We do business because we want to earn. And accounting is the way to learn how much we earn through our business as it is all about keeping financial accounts. So accounting is always, and will always be part of running businesses.

What does accounting account for?

Accounting makes businesses a blueprint or a clear picture of the three significant financial statements: income statement, balance sheet, and the cash flow statement. Through accounting, the company realizes substantial figures reflecting profit, sales, revenues, taxes, credits, and other financial matters. To observe balance with the financial activities and resources of a business, these financial statements are released regularly to track its economic progress and management/mismanagement.

Kinds of Accounting (According to Purpose)

Generally, there are two kinds of accounting: financial accounting (recording and communication of economic information under the GAAP), and managerial accounting (the record and communication of economic information that may or may not be following GAAP).

Accounting Methods

Accounting can be done on a cash basis (or the cash basis accounting) or an accrual basis. Cash basis accounting and accrual accounting are some of the principles in accounting to guide financial institutions.

Cash Basis Accounting

Novice and veteran businesspeople alike, at least once in their lives, have tried cash basis accounting with or without them knowing it. Cash basis accounting is the traditional way of recording accounting transactions for revenues and expenses only when the corresponding cash is paid out and received.

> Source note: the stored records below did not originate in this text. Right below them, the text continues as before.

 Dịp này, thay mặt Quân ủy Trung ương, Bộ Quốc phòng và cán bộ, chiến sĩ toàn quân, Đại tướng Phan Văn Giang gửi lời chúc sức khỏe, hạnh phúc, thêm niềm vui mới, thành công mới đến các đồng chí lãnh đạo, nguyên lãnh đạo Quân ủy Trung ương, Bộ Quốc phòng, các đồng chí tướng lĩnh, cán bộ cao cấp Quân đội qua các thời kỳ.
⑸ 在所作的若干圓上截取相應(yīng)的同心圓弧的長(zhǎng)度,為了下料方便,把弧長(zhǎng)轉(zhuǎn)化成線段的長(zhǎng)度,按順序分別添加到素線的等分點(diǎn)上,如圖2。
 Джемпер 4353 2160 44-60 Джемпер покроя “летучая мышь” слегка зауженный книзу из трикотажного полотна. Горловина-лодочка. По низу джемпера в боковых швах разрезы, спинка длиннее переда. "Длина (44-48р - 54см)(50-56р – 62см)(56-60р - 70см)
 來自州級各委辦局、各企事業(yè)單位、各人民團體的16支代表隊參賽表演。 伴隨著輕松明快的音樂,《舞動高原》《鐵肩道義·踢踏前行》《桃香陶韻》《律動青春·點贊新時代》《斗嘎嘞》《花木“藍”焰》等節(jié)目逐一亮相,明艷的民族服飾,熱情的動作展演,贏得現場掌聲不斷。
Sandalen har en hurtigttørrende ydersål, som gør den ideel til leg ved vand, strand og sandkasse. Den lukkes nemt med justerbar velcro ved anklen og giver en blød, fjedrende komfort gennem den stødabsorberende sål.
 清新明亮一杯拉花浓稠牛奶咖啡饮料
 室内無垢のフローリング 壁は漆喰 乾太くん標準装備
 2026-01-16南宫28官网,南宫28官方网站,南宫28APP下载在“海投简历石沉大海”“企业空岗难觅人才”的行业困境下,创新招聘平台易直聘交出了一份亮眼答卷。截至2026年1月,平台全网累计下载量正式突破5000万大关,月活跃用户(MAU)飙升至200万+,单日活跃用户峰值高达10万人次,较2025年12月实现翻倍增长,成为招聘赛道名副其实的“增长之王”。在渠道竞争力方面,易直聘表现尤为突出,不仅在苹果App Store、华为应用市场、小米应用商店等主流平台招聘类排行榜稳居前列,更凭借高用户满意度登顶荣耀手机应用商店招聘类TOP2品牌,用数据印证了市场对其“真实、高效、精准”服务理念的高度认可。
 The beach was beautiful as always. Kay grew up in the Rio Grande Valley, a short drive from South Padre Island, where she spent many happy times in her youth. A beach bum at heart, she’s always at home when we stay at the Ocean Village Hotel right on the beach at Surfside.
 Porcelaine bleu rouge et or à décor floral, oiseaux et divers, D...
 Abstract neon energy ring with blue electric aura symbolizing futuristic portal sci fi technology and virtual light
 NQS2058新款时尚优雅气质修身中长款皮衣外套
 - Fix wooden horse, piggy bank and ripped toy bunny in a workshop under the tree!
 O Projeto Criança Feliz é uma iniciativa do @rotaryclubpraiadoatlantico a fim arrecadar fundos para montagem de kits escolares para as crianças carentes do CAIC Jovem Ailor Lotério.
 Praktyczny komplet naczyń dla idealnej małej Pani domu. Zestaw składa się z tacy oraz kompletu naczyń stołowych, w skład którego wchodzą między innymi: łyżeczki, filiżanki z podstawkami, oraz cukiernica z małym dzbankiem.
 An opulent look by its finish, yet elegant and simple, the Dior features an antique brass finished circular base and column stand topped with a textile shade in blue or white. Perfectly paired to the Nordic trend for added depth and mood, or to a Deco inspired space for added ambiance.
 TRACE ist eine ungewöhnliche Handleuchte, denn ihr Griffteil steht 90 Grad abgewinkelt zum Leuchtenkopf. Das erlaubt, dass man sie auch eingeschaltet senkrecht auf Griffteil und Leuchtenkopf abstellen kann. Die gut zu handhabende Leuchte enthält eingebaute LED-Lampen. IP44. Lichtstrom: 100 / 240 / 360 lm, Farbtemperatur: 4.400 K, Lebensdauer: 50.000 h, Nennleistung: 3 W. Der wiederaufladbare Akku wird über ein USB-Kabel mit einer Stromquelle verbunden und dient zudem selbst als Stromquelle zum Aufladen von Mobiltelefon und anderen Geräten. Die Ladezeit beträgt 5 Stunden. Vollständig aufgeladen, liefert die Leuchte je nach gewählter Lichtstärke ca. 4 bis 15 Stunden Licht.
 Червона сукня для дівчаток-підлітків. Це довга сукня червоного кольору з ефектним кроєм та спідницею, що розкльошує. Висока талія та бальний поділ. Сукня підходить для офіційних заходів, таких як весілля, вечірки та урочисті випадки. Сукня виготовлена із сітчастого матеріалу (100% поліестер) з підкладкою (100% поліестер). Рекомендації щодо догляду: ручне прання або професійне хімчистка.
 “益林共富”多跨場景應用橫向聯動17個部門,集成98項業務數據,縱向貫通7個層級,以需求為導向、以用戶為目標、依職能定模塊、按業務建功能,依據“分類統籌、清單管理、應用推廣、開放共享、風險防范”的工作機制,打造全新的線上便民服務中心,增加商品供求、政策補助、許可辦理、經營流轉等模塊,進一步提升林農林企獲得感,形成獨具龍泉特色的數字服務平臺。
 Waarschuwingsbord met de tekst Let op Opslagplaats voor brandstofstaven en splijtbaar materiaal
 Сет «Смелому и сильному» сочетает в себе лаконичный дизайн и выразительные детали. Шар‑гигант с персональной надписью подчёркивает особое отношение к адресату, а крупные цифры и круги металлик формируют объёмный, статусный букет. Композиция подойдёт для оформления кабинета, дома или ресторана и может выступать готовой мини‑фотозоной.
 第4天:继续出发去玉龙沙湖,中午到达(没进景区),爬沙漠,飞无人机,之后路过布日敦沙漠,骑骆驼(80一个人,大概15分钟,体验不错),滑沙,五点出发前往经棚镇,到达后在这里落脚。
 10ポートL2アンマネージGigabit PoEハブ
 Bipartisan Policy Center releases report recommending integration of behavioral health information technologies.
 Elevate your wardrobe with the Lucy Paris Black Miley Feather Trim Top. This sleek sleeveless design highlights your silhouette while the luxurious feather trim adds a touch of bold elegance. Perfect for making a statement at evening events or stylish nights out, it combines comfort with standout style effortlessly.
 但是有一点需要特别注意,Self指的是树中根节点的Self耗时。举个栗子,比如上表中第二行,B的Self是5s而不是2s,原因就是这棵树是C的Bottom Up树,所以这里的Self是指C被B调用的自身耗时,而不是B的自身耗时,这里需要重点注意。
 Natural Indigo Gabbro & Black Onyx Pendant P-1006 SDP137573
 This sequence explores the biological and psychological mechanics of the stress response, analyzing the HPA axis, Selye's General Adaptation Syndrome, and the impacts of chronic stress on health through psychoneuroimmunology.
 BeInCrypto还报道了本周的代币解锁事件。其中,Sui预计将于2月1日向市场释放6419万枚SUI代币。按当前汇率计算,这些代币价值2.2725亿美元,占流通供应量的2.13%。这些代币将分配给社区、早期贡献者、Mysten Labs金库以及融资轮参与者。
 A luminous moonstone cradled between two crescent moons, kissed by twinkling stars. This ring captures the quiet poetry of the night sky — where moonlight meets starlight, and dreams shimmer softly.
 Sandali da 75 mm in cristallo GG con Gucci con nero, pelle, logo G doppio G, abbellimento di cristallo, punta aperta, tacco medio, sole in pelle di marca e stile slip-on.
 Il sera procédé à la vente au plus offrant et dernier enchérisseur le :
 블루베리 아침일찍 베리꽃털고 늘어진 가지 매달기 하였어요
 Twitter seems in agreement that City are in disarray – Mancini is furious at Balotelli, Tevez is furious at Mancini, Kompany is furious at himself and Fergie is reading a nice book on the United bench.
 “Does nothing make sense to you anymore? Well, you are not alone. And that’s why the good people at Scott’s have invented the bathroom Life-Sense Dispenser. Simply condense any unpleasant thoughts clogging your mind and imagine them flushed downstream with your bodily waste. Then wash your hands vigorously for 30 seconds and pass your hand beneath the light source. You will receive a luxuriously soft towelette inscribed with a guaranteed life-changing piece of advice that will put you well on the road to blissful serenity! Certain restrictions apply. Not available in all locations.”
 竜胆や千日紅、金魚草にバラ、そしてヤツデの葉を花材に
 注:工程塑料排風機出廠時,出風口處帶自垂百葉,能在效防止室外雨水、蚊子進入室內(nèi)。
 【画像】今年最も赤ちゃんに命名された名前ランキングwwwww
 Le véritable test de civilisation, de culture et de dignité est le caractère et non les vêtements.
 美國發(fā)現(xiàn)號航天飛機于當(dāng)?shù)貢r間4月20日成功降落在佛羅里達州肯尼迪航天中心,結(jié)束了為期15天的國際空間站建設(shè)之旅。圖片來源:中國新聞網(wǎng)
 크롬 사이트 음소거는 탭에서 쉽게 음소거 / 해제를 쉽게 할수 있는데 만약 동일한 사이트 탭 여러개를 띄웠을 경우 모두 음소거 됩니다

Advantages of Cash Basis Accounting

Cash basis accounting is known to be the simplest method of accounting as you only record expenses and revenues. More often than not, this approach of accounting does not require business owners to hire an accountant as this can be quickly done and understood by them.

Cash Basis Accounting is useful for:

-small business

-personally-managed business

-low stock levels activity

Moreover, cash basis accounting will help entrepreneurs with their small businesses to be aware of their financial progress with ease as they diligently note their expenses and revenues on actual transactions.

Disadvantages of Cash Basis Accounting

As handy as it is, though, cash basis accounting is not the usual practice among more significant business entities. Here’s why:

cash basis accounting is not accepted under international accounting standards like the Generally Accepted Accounting Principles (GAAP) and the International Financial Reporting Standards (IFRS);

it does not keep tracking of your payables and receivables (no accounts receivable and accounts payable);

more significant business enterprises use more complex accounting principles that cash basis accounting doesn’t account for; and

it can give an inaccurate record of profits as revenues may be realized in a different period in which related expenses are achieved.

Who should try cash-basis accounting?

Cash basis accounting can be best practiced by small starting business entities and companies that would want to maintain low-key accounting measures. More notably, as the name suggests, “cash basis” accounting is tailor-fit for cash-based businesses.

If your business is time-bound and observes negotiations and financial transactions within a time-frame, accrual basis accounting is a more suitable accounting method for your accounting measures.

To cap it off, the cash basis accounting approach is the recognition of income when received regardless of when earned and recognition of expense when paid irrespective of when incurred.